The project is one of a wave of community-scale initiatives to grow food in the middle of the city. Capital Growth, a scheme supported by London mayor Boris Johnson, says it is close to achieving its target of 2,012 new community food growing spaces by the end of 2012. It is working on a report about the benefit of such gardens for social landlords, which will be published later this year.

Back at Estate to Plate, residents on the first level of the course will pick up basic gardening skills, like working the soil, ‘success with seeds’, and how to cook your harvest. The second level teaches participants the skills to set up their own growing or cooking club on their estate - and it’s accredited by City & Guilds, so could help tenants secure a gardening job.

Get Growing, a social enterprise which has been growing food on Hackney estates for about four years is Estate to Plate’s other partner. Alex Collins from the organisation has already been whipping up interest through a series of drop-in workshops on three nearby estates: Fellow’s Court, which looks down directly on the garden and King’s Mead, both managed by arm’s-length management organisation Hackney Homes, and Somerford, owned by the housing association Sanctuary.

Ms Collins explains the main benefit is that ‘people are outside, active, enjoying the outside space, which is positive for many estates’. She adds: ‘Growing together brings people together.’
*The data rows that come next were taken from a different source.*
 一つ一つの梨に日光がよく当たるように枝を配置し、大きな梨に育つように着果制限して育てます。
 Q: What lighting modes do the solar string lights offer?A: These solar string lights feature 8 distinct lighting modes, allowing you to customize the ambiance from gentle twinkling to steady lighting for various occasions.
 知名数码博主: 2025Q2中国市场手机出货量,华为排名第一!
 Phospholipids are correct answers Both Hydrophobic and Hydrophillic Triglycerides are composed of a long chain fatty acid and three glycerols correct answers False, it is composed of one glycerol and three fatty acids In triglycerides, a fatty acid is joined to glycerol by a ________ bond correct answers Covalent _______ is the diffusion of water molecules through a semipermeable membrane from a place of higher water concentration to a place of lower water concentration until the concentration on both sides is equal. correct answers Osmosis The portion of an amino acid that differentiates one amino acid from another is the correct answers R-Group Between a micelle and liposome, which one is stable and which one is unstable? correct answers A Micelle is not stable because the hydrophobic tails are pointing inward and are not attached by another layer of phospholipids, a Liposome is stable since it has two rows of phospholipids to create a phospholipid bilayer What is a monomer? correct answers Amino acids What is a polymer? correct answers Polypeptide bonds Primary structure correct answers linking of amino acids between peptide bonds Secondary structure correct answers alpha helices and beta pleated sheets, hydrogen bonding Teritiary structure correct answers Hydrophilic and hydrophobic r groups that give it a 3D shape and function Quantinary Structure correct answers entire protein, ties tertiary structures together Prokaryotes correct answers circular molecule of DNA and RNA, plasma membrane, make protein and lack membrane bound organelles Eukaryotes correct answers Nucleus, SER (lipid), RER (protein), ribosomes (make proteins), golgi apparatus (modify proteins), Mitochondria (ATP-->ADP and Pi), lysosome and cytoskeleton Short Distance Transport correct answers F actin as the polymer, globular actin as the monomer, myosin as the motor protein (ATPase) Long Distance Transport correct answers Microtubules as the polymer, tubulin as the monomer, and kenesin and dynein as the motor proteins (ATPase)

Edouard Guidon from the Shoreditch Trust, explains that the project will also ‘refurbish some community kitchens on estates with a view to encourage residents to make use of them. We knew there were lots of kitchens out there that were of catering grade, and could do with being used.’
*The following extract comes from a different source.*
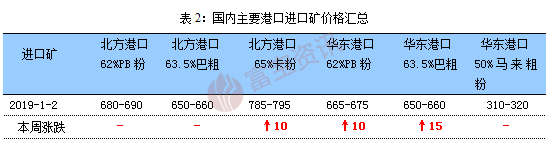 天津港58%楊迪575-585元/噸、PB680-690元/噸、63%巴粗650-660元/噸,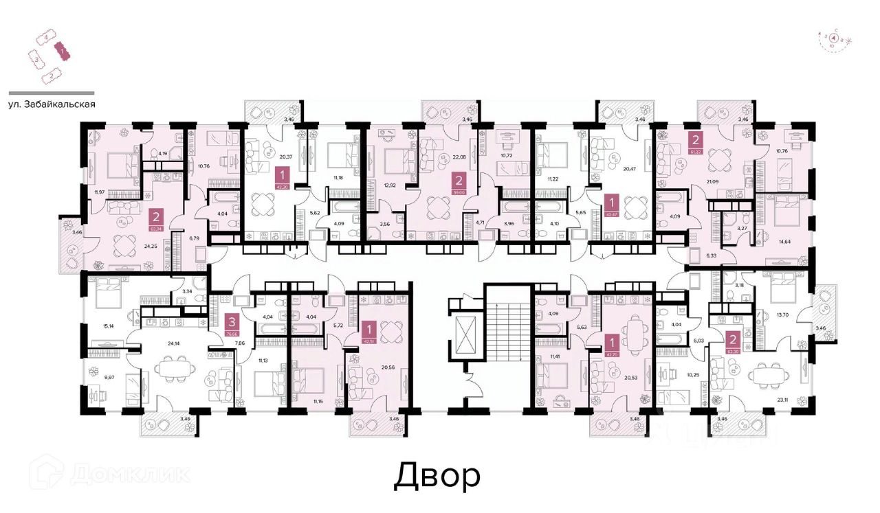 2 комн. квартира в ЖК Квартал Дягилев, площадь 61.22 м², жилая 25.4 м², кухня 21.09 м²

However, the whole scheme depends on the co-operation of the social landlords that own the estates. Ms Yassine notes: ‘There are lots of green patches on estates that are just mowed that could be utilised a bit more. Even if it’s just sticking some orchard trees in, that the community can use. [Some are] just weird no-man’s land patches - put a gate in and stick in some fruit trees. Or let people put raised beds in.’

‘If someone goes along and asks, “can I dig up that lawn and plant courgettes on it?”, landlords can worry about issues such as liability,’ explains Rob Hopkins, who runs Transition Network, an organisation which works to make towns more resilient to sustainability challenges. But having an established organisation behind you with a proven track record, like Estate to Plate’s partners, can help soothe those worries.
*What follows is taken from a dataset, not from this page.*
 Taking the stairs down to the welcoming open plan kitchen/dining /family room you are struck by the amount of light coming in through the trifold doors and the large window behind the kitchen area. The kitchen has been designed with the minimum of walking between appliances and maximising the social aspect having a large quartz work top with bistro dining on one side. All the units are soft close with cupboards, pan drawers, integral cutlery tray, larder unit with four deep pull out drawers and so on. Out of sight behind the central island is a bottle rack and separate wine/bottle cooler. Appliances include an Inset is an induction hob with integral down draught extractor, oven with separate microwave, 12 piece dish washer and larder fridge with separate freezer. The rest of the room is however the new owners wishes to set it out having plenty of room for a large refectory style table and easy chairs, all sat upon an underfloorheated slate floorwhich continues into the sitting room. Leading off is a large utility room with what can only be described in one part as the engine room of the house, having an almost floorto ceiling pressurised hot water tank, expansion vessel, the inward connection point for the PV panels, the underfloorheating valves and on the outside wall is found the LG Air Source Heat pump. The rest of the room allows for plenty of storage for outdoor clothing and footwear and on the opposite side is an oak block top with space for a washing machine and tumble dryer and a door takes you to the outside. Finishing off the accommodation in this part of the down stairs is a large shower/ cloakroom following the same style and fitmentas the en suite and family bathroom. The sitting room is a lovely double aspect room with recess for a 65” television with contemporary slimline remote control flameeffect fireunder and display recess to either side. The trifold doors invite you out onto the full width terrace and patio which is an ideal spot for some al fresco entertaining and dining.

So far, Estate to Plate, which has a hyper- local focus in this corner of Hackney, has managed this well. Philip Glanville, a councillor at the local authority, says: ‘Hackney Homes continues to support initiatives such as the Estate to Plate scheme… benefiting local residents by allowing them to grow their own healthy food. This is a great example of community cohesion and engagement and demonstrates what can be achieved through working together.’

Ms Yassine explains, however, that the main hurdle is simply getting people gardening. ‘I think people are just a little bit afraid to try.’

Readers' comments (1)

  • What is this? Since when have housing providers become educators? This is patrician, patronising. I would rather my HA spent any available cash on upgrading its older properties - in my case installing sound insulation compatible with 21st century sound systems, and behaviour. Saffron Housing's new builds across the road from me have up-to-date sound insulation and good, concrete posted fences whereas I have been told I cannot get help to replace the broken down mess of fencing I inherited when I exchanged to this property 'because we don't install fences'. Community gardens - many properties have utterly neglected gardens - enforce your tenancy agreements re unkempt gardens - problem sorted. If people want to grow their own vegetables there are many ways they can find out themselves without being - yet again - spoonfed! (Bad pun).